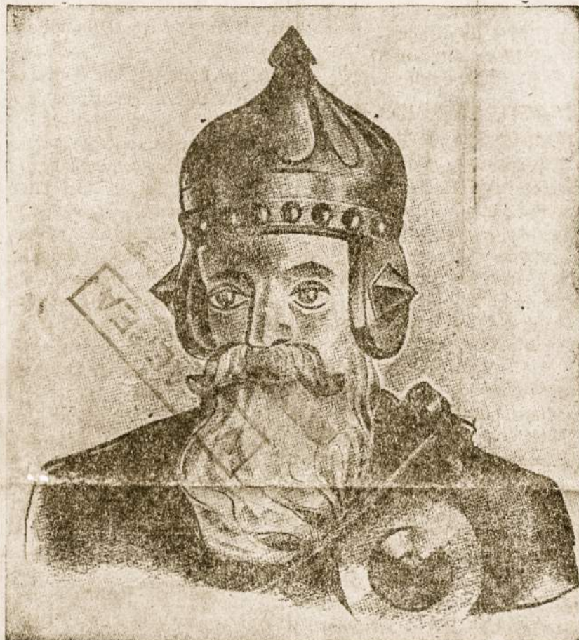
Mindaugas — pirmasis Lietuvos karalius — 1261 m. sumušęs kryžiuočius ir suvienijęs lietuvių tautą.

Naserio valdomajame Egipte komunistų įtaka yra labai silpna ir didesnė dalis vadų sėdi kalėjime. Konge sovietams palankus Lumumba buvo nužudytas, o jo įpėdinis Gizenga neturi beveik jokios įtakos, taigi ten Maskva turi pasitenkinti tik ste-
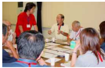
グループの中で意見を出し合います。
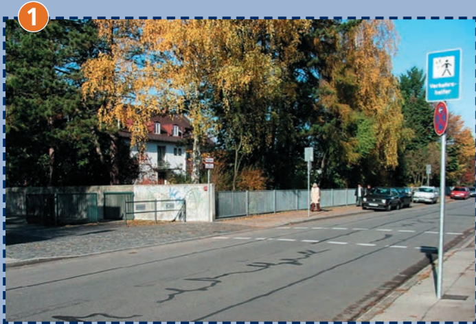
Übergang Bäckerstraße 58
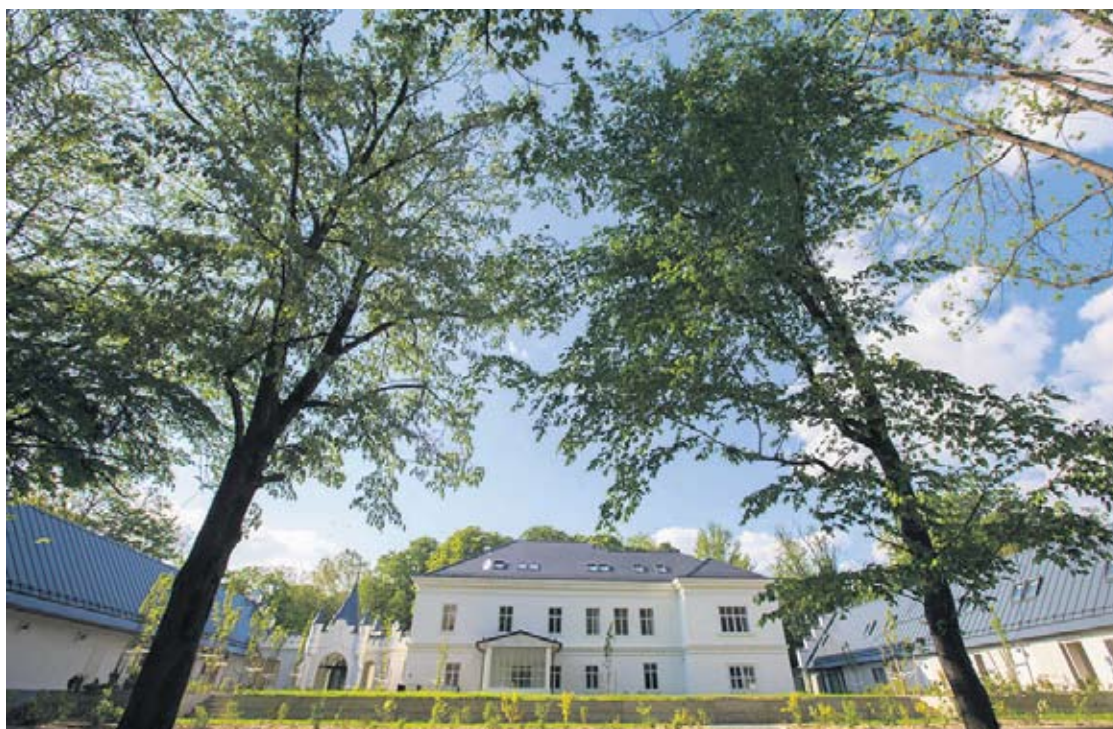
Obnovljeni dvorac Janković
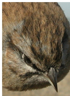
Escribano montesino. Otoño. Adulto. Diseño del capirote: izquierda macho (12-XI); derecha hembra (01-XI).
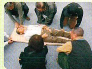
♡災害緊急時に備えての ボランティア体験訓練の実施のため
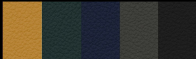
M ostaza Pavone Blue M ouse Nero
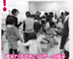
歳末たすけあいバザーの様子

今年「つながり ささえあう みんなの地域づくり」をスローガンに、社会的孤立の防止や、子ども達の学習支援サポート事業など、地域のつながりを強くするために、皆様のご協力のもと活動していきたいと考えています。
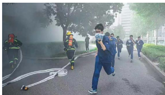
火灾演习现场，学生们有序安全撤离现场

本次活动组织学院400名左右师生参与，旨在普及应急知识和急救技能，树牢安全发展理念，营造“人人讲安全、个个会应急”的浓厚氛围。当天9时，一场形式生动的“应急演练课”在学院的操场上正式开讲。在消防疏散逃生演练现场，随着警报声响起，滚滚浓烟从学生宿舍楼不断涌出，“请迅速撤离到学院运动场，到指定位置集合，务必听从指挥，不要惊慌。”学生们纷纷按照引导，弯下腰、捂住口鼻、压低身体有序撤离到学校操场，现场大家全身心投入，积极协调配合。
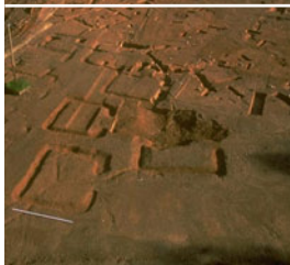
Bibracte, vue de la nécropole de la Croix du Rebut, Tène finale-époque augustéenne, 1998
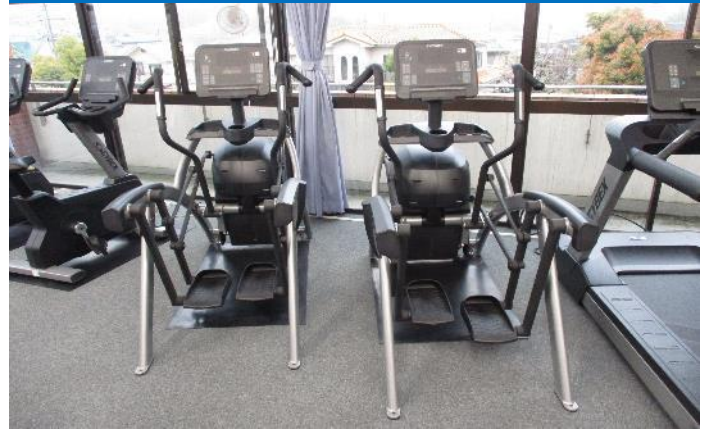
アークトレーナー 2台
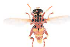
Milésie faux-frelon, Milesia crabroniformis
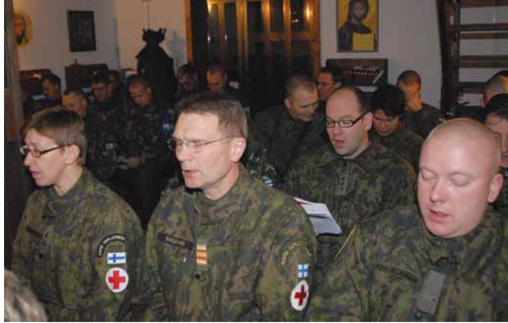
Kauneimmat joululaulut Camp Villen kirkossa.

Vuorovaikutus paikallisten uskonnol-listen johtajien kanssa laittoi pohtimaan sitä, mitä suvaitsevaisuus oikeastaan tar-koittaa. Suvaitsevaisuus ei ole ensisijas-sa samankaltaisuutta tai pyrkimystä sa-mankaltaisuuteen, vaikka yhteiset asi-at ja samankaltaisuus lisäävätkin ihmis-
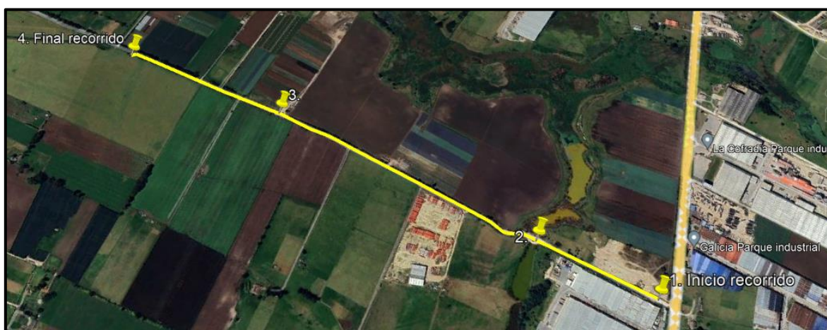
Ilustración 1. Recorrido verificación ambiental - Vereda El Hato.

Se realizó recorrido de control y vigilancia en la vereda El Hato el día 05 de agosto de 2024, desde las coordenadas 4°43'55"N - 74°11'8"W hasta las coordenadas 4°43'3"N - 74°10'38"W (ver ilustración 1. Ruta amarilla), con el fin de verificar las condiciones ambientales, identificar posibles afectaciones a los recursos naturales y realizar las acciones de prevención correspondientes.
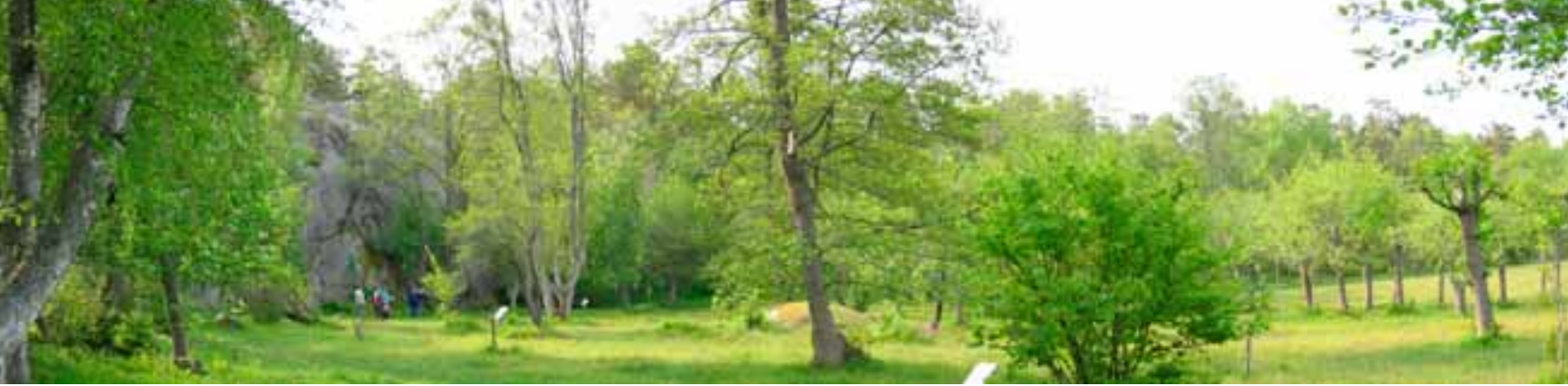
Engi í Boskär.
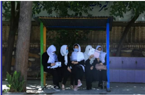
یونسکو: محرومیت بیش از...
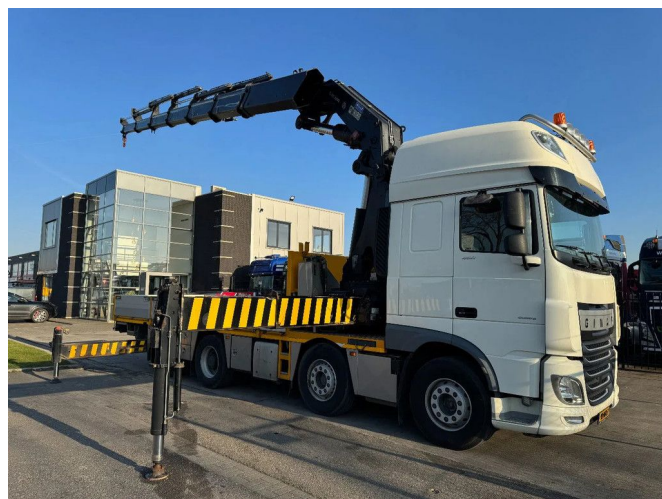
DAF XF 460 8X2 - EURO 6 + HIAB 855 EP-6 + REMOTE + S...
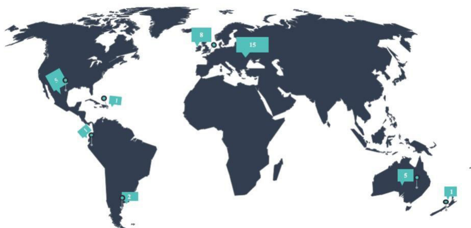
Figura 2. Artículos por región.
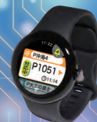
接客サポートシステム マーススマートウォッチ 2011

*****

▶ [What you have to do]: All of the entries, apart from the pictures, must be returned exactly.

▶ [Task solution]:
Mindaugas — pirmasis Lietuvos karalius — 1261 m. sumušęs kryžiuočius ir suvienijęs lietuvių tautą.

Naserio valdomajame Egipte komunistų įtaka yra labai silpna ir didesnė dalis vadų sėdi kalėjime. Konge sovietams palankus Lumumba buvo nužudytas, o jo įpėdinis Gizenga neturi beveik jokios įtakos, taigi ten Maskva turi pasitenkinti tik ste-
グループの中で意見を出し合います。
Übergang Bäckerstraße 58
Obnovljeni dvorac Janković
Escribano montesino. Otoño. Adulto. Diseño del capirote: izquierda macho (12-XI); derecha hembra (01-XI).
♡災害緊急時に備えての ボランティア体験訓練の実施のため
M ostaza Pavone Blue M ouse Nero
歳末たすけあいバザーの様子

今年「つながり ささえあう みんなの地域づくり」をスローガンに、社会的孤立の防止や、子ども達の学習支援サポート事業など、地域のつながりを強くするために、皆様のご協力のもと活動していきたいと考えています。
火灾演习现场，学生们有序安全撤离现场

本次活动组织学院400名左右师生参与，旨在普及应急知识和急救技能，树牢安全发展理念，营造“人人讲安全、个个会应急”的浓厚氛围。当天9时，一场形式生动的“应急演练课”在学院的操场上正式开讲。在消防疏散逃生演练现场，随着警报声响起，滚滚浓烟从学生宿舍楼不断涌出，“请迅速撤离到学院运动场，到指定位置集合，务必听从指挥，不要惊慌。”学生们纷纷按照引导，弯下腰、捂住口鼻、压低身体有序撤离到学校操场，现场大家全身心投入，积极协调配合。
Bibracte, vue de la nécropole de la Croix du Rebut, Tène finale-époque augustéenne, 1998
アークトレーナー 2台
Milésie faux-frelon, Milesia crabroniformis
Kauneimmat joululaulut Camp Villen kirkossa.

Vuorovaikutus paikallisten uskonnol-listen johtajien kanssa laittoi pohtimaan sitä, mitä suvaitsevaisuus oikeastaan tar-koittaa. Suvaitsevaisuus ei ole ensisijas-sa samankaltaisuutta tai pyrkimystä sa-mankaltaisuuteen, vaikka yhteiset asi-at ja samankaltaisuus lisäävätkin ihmis-
Ilustración 1. Recorrido verificación ambiental - Vereda El Hato.

Se realizó recorrido de control y vigilancia en la vereda El Hato el día 05 de agosto de 2024, desde las coordenadas 4°43'55"N - 74°11'8"W hasta las coordenadas 4°43'3"N - 74°10'38"W (ver ilustración 1. Ruta amarilla), con el fin de verificar las condiciones ambientales, identificar posibles afectaciones a los recursos naturales y realizar las acciones de prevención correspondientes.
Engi í Boskär.
یونسکو: محرومیت بیش از...
DAF XF 460 8X2 - EURO 6 + HIAB 855 EP-6 + REMOTE + S...
Figura 2. Artículos por región.
接客サポートシステム マーススマートウォッチ 2011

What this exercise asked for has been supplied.